High Court confirms claim for unpaid subscriber shares may be time-barred after six years
Typically, when a company issues new shares, those shares would be fully paid for up front. However, there are occasions where companies might issue shares which aren’t paid for in full, or are only partly paid for – these days these tend to only be used in fairly niche scenarios and may not be suitable for all companies (for example, if you’re planning to raise investment or take on debt in future, investors and lenders would typically expect all shares to be “fully paid up”), so do take advice before thinking of using unpaid shares.
If they are used, then ultimately the shareholder in question would be expected to pay up the subscription price for those shares at some point in the future. But when? And importantly, can a company run out of time to ask for payment?
The High Court has held that a company’s claim for payment for shares subscribed for on incorporation was time barred where proceedings were issued more than six years after the payment obligation first arose. The decision underlines the importance of identifying when a shareholder’s liability to pay crystallises and acting promptly to enforce it, otherwise the company could lose the opportunity to enforce the obligation to pay.
Background of the case
In this case, the defendant had subscribed for shares on incorporation of the company in June 2011, but the subscription payment had not been made and so the shares were not “fully paid”.

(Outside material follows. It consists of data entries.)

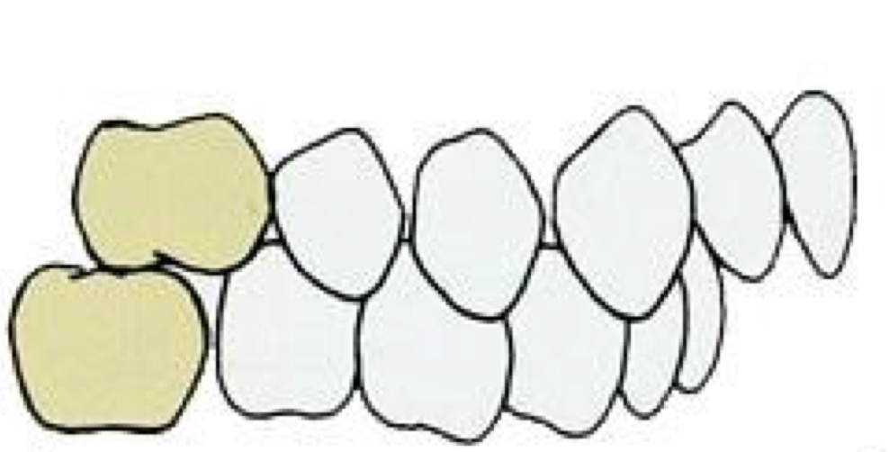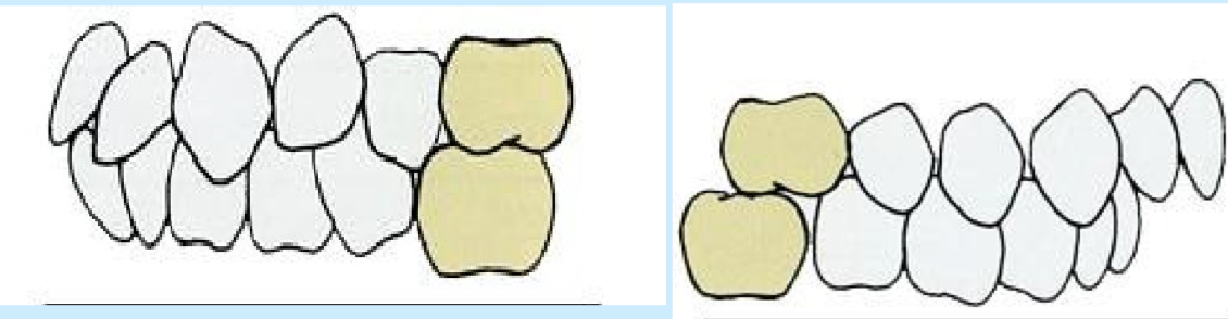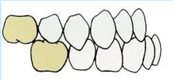 1-lower molar mesially positioned relative to upper molar, line isnt specified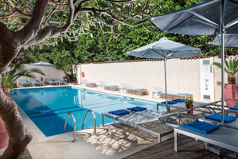 - 16-20 qm, Doppel, Poolblick oder Stadtblick, Dusche, WC, Haartrockner, Klimaanlage, Safe, TV (Sat-TV), WLAN, Wasserkocher, Kühlschrank, Balkon (möbliert)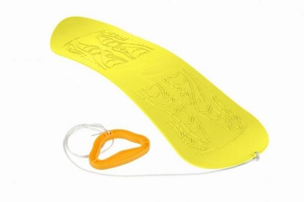 Dětský kluzák z velmi kvalitního plastu s provázkem. Kluzák má délku 72×22 cm, vhodné pro děti od 3 let. Produkt navžený pro moderní éru snowbardingu. Obdoba snowboardu za rozumnou cenu.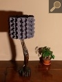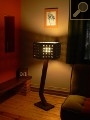 Prosta lampa podłogowa. Na pierwszy rzut oka wydaje się dość duża, wymagająca przestrzeni, ale została wykonana jako prezent dla przyjaciół do niewielkiego i dość ciasno urządzonego pokoiku, gdzie prezentuje się świetnie. Zacytuję słowa obecnej właścicielki − "Lampa jest cudna. Dokładnie taka, jaką sobie wymarzyłam".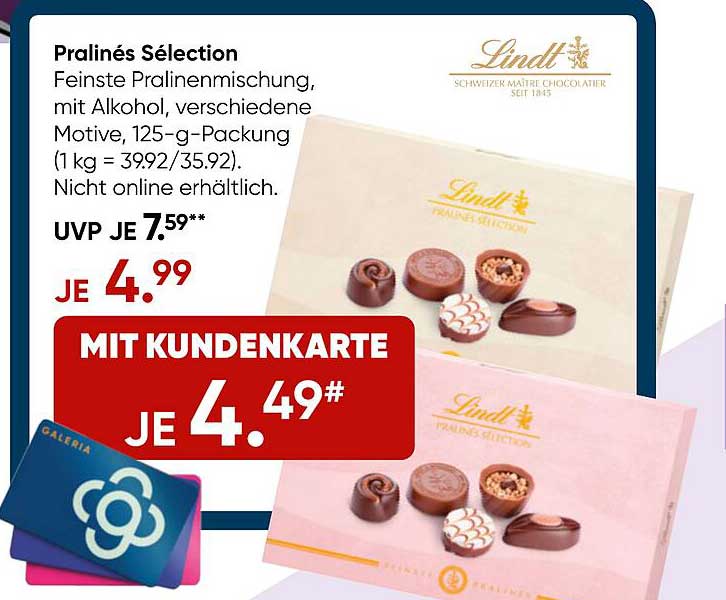 Sehen Sie sich jetzt das Pralinés Sélection von Lindt – Feine Pralinien Mischung Angebot im Galeria Prospekt an. Dieses Angebot ist gültig von 02.04.2025 bis 08.04.2025.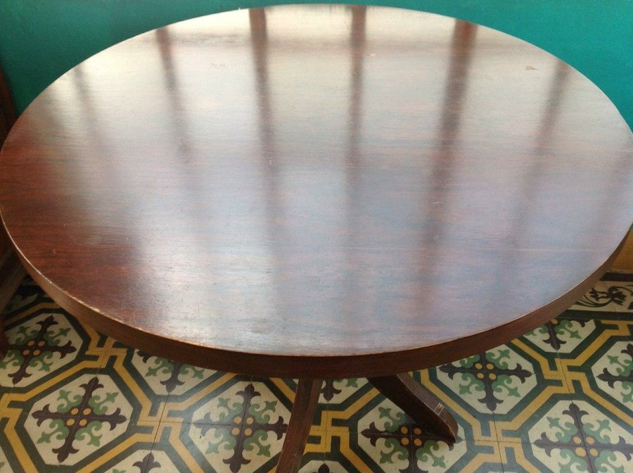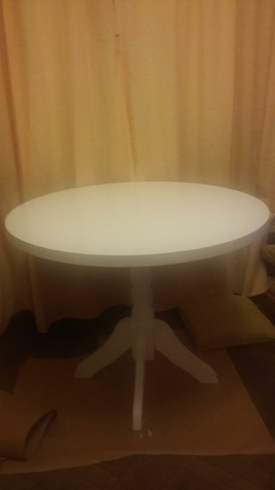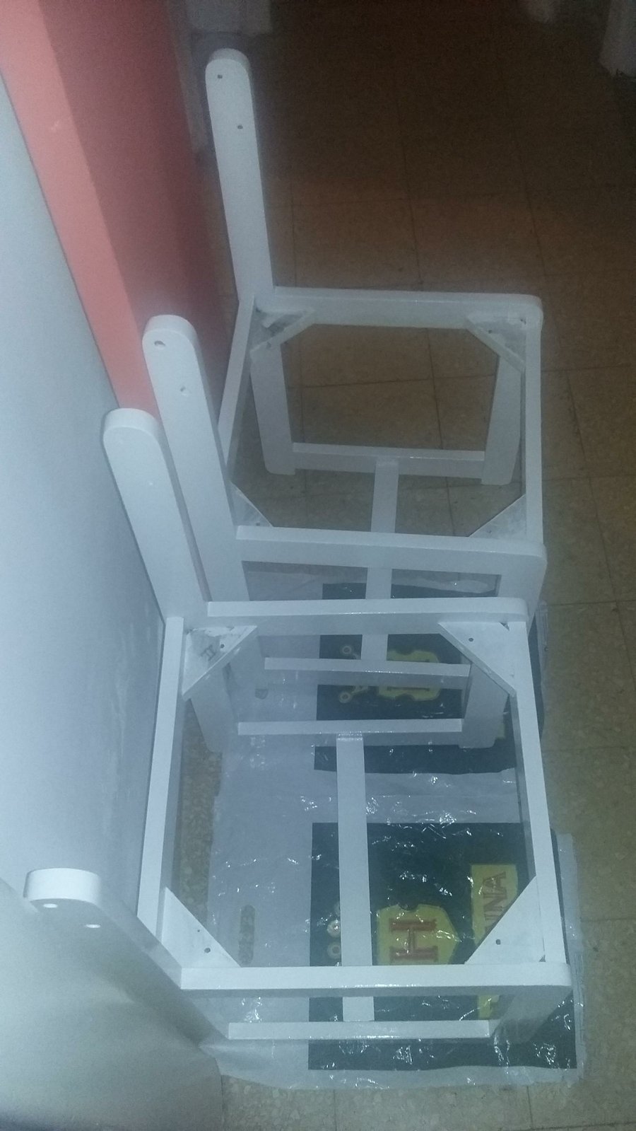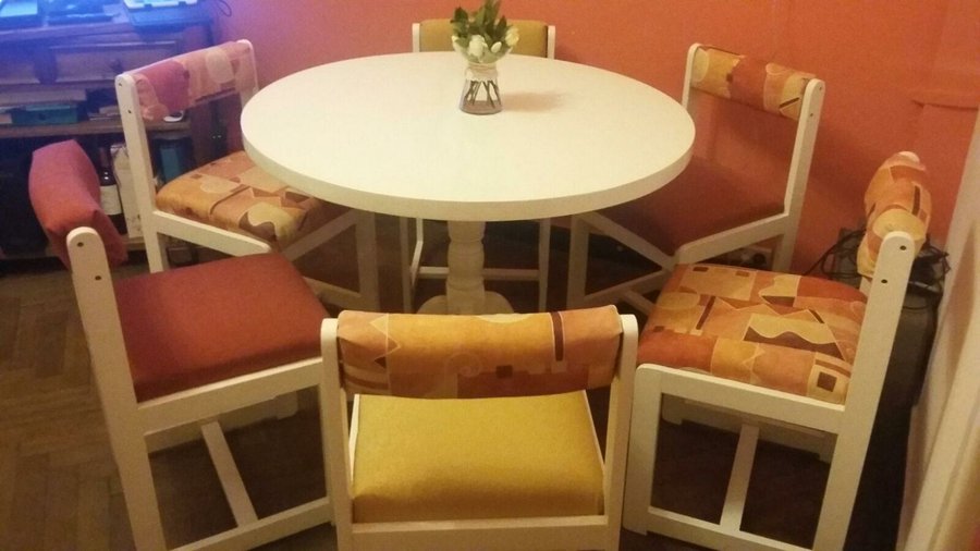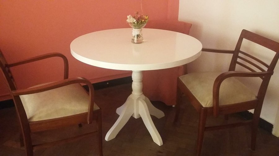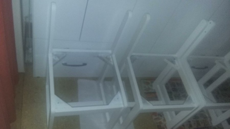 Esmalte blanco despues de lijar y ya en la primera mano se ve el cambio... Las sillas ya estaban blancas pero para unificar el color también las pintamos

In June 2015 the company started a formal process to call in the payment, by serving a “call notice” as provided for in its articles of association, followed by a notice of intended forfeiture in June 2016.
Payment was not received. The company therefore forfeited the shares (i.e. took them away from the shareholder) in June 2018 and then issued proceedings for payment the following October.
Decision
The court held that the claim was time-barred under section 5 of the Limitation Act 1980. More than six years had passed between the point at which the shareholder’s payment obligation arose and the commencement of proceedings.
Critically, the court found that the obligation to pay arose on incorporation in 2011 (when the shares were issued), not when the company later issued a call notice or forfeited the shares. The liability was treated as a contractual debt owed to the company. Standard contractual debts tend to be subject to a six year limitation period under UK law.
The court rejected the argument that payment only became due following a demand, and it also rejected the suggestion that the arrangement could be characterised as an implied loan. On the wording of the company’s articles of association, the call notice was merely a procedural step designed to support forfeiture of unpaid shares; it did not create the payment obligation or restart the limitation period.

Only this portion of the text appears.